At 10X, we do not pay broker commissions as we do not use brokers. You therefore do not incur any “penalties” if you transfer your 10X Retirement Annuity.
In line with section 37 of the Pension Funds Act, the trustees of the retirement fund will distribute the proceeds, considering first the needs of your dependants and then the beneficiaries listed in your nomination form. It is thus important to fill in and update your nomination form annually.
Your investment will be taxed on the same basis as on retirement. However, from 1 March 2015, contributions that were made to an RA fund that did not receive a tax deduction are included in the estate of the deceased and subject to estate duty.
Yes. The employer can either contribute to the RA on the member’s behalf, or deduct such contributions from the employee’s pay. If the employer makes the contribution on behalf of the employee then this will attract fringe benefits tax that must be recovered from the employee. In both cases, the employee can claim these RA contributions for tax, up to a maximum of 27,5% of gross remuneration or taxable income (whichever is the higher) subject to an annual deduction cap of R350,000.
In general, pension or provident funds offer significant advantages over retirement annuities in terms of increased flexibility (investors can access their savings before retirement), lower costs, group life cover and no surrender penalties.
Should you transfer the proceeds from your employer’s retirement fund to a retirement annuity or preservation fund?

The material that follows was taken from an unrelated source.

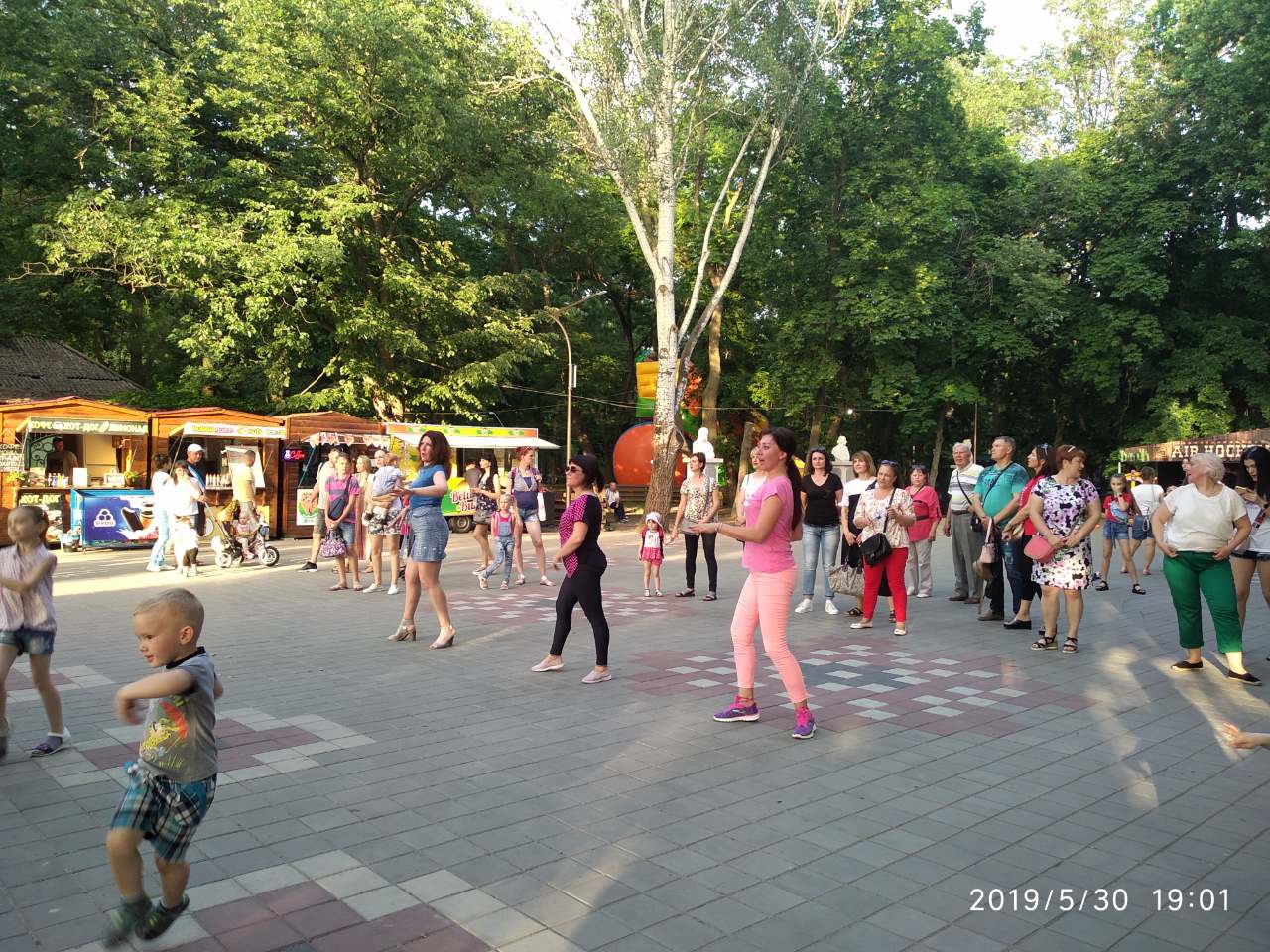 Профессиональные танцоры показывают движения, а отдыхающие парка, которые не постеснялись быть в центре внимания, повторяют их.

A preservation fund is a type of pension fund that enables investors to preserve their withdrawal benefits until retirement age. There are four differences between a retirement annuity (RA) and a preservation fund:
- Monthly ongoing contribution: with a RA you can contribute on a regular basis, but not with a preservation fund. Your preservation fund will only accept transfers from other funds.

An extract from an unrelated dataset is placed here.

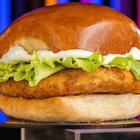 Pão, Filé de Frango empanado, cheddar inglês, picles e molho supremo (a base de picles).

- Withdrawal benefit before retirement: you cannot withdraw your benefits from an RA (unless you emigrate) before retirement (the minimum retirement age is 55). You can make one full or partial withdrawal from your preservation fund at any time before retirement.
- Retirement benefits: you can elect to receive your entire fund balance as cash if you are member of a provident preservation fund but you can elect to receive only one-thirds as cash if you are a member of a RA or pension preservation fund (you must buy an annuity with the other two-thirds).

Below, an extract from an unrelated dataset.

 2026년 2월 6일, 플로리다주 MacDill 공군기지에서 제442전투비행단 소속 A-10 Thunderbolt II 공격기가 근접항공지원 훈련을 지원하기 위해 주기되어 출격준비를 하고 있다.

- Costs: the cost of investing with a preservation fund is generally lower than with a RA.
When you withdraw from your current retirement fund (either a company fund, retirement annuity or preservation fund), you must complete a withdrawal form, indicating that you wish to transfer your investment to the 10X Retirement Annuity Fund. This form must be signed and sent to HR (for a pension or provident fund) or to the fund administrator (for an RA or preservation fund). Thereafter, request a 10X RA Application Form, by e-mailing ra@10X.co.za or calling us at 021 412 1010.
Complete and sign the form and fax (0865 201 934) or e-mail it back to us, together with a copy of the withdrawal form. Ensure that you have completed the “Transfer Fund Details” section on the application form. We will contact the existing fund, action the transfer and confirm when completed.
Your minimum monthly contribution to the 10X Retirement Annuity is R1 000. There is no minimum contribution term.
10X issues regular performance updates:
Benefit statements. These are updated online weekly, and emailed to members quarterly. The information is presented in a clear and simple manner, to avoid confusion. Once a year, the Fund sends out a hard-copy benefit statement to every member.
Investment report. This is published online every month and details the investment returns of all life stage portfolios and asset class benchmarks (equities, bonds, property and cash).
Investor portal. This portal gives you access to all your plan details.